A DDoS is a type of cyber-attack wherein large amounts of traffic are sent to the host server with the intention of overwhelming its traffic handling capacities and disrupting services for actual users. The extent of the attack is measured in terabits of traffic received per second and the reported attack is one of the largest that the service providers such as Microsoft, Google, and Amazon Web Services have seen in recent years.
Microsoft's Senior Program Manager for its Azure Networking Services, Amir Dahan, reported in the blog that the attack traffic originated from 70,000 sources hailing from multiple countries in Asia-Pacific such as Malaysia, Vietnam, Taiwan, Japan, and China but also included some from the United States as well.
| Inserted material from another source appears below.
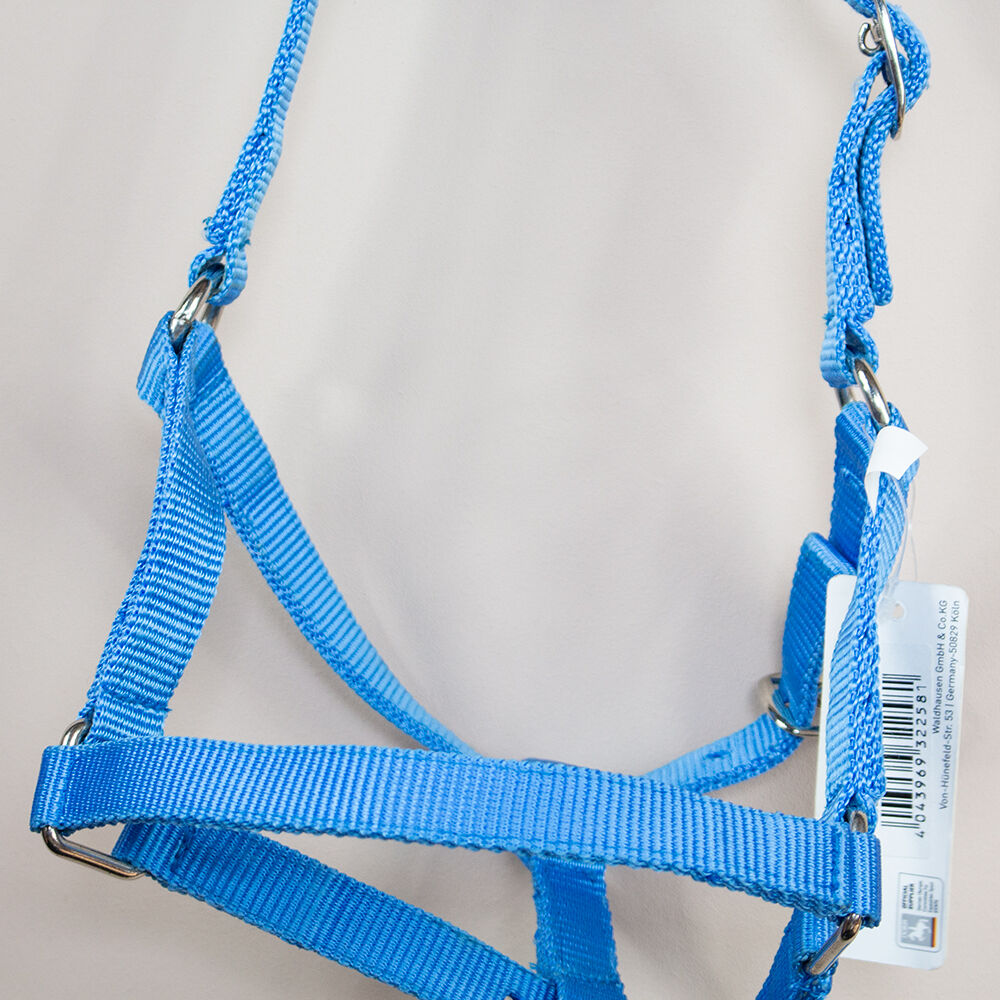 Waldhausen Veulen Halster "Perlon - De mooie turquoise halster van Waldhausen is de perfecte metgezel voor elke dag. Het is perfect als stal- of weidehalster. Het halster is verstelbaar aan de neus- en nekriem. Het heeft maat veulen. Het halster is nieuw met schild.

The attack lasted only for 10 minutes and involved short bursts of terabit volumes that ramped up in a few seconds. Majorly three peaks were noted by the networking provider with the highest peaking at 2.4 Tbps while the other two reached highs of 0.55 Tbps and 1.7 Tbps respectively.
Microsoft attributed the mitigation success to its distributed DDoS detection and its control plane logic that allocates mitigation resources closest to the source of the attack.
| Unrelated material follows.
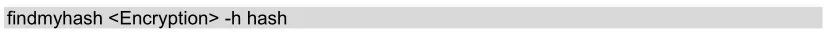 在Kali Linux中,可以使用findmyhash工具破解LM Hashes密码。其中,findmyhash命令的语法格式如下所示:

As the world has adopted more digital tools following the COVID-19 pandemic, a robust strategy to respond to a DDoS attack needs utmost attention. Had the target been running its own data center, it is likely to have gone down in the attack and caused financial losses to the unnamed customer, Microsoft claimed.
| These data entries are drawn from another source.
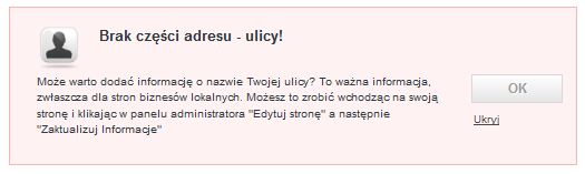 Pierwsza kategoria Wskazówek dotyczy elementów strony, o które należy zadbać, aby strona była profesjonalna i funkcjonalna. Znajdziemy tu komunikaty o polach w profilu, które należy uzupełnić, jak podstawowe informacje o profilu, dane kontaktowe czy link do strony www. Podanie takich informacji sprawia, że fanpage wygląda bardziej profesjonalnie, ale też ułatwia fanom kontakt z prowadzącym. Dowiemy się, czy zamieszczone zdjęcia profilowe i w tle mają odpowiednią wagę i rozmiary. Jeżeli nie mamy tzw. vanity URL, otrzymamy komunikat „Twój profil nie ma krótkiego adresu URL” i krótką instrukcję jak taki łatwy do zapamiętania i wyszukania adres ustawić. Narzędzie zwróci uwagę też na elementy naszej strony internetowej – czy są na nim przyciski i widgety, które łączą stronę internetową z kanałami social media – nie tylko Facebookiem, ale też Twitterem i YouTube.
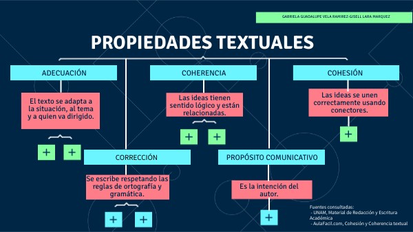 Fuentes consultadas: - UNAM, Material de Redacción y Escritura Académica - AulaFacil.com, Cohesión y Coherencia textual
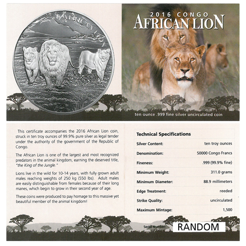 Produktinformationen "10 Unzen Silbermünze Afrika Kongo Löwe 2016"

Prior to this, Microsoft had observed a 1 Tbps attack in 2020 but other service providers have seen higher intensity attacks, The Verge reported. Last year Amazon Web Services mitigated a 2.3 Tbps attack while in 2018 NetScout Arbor mitigated a 1.7 Tbps attack. According to The Verge, the largest attack recorded was a 2.54 Tbps attempt thwarted by Google in 2017 but reported only last year.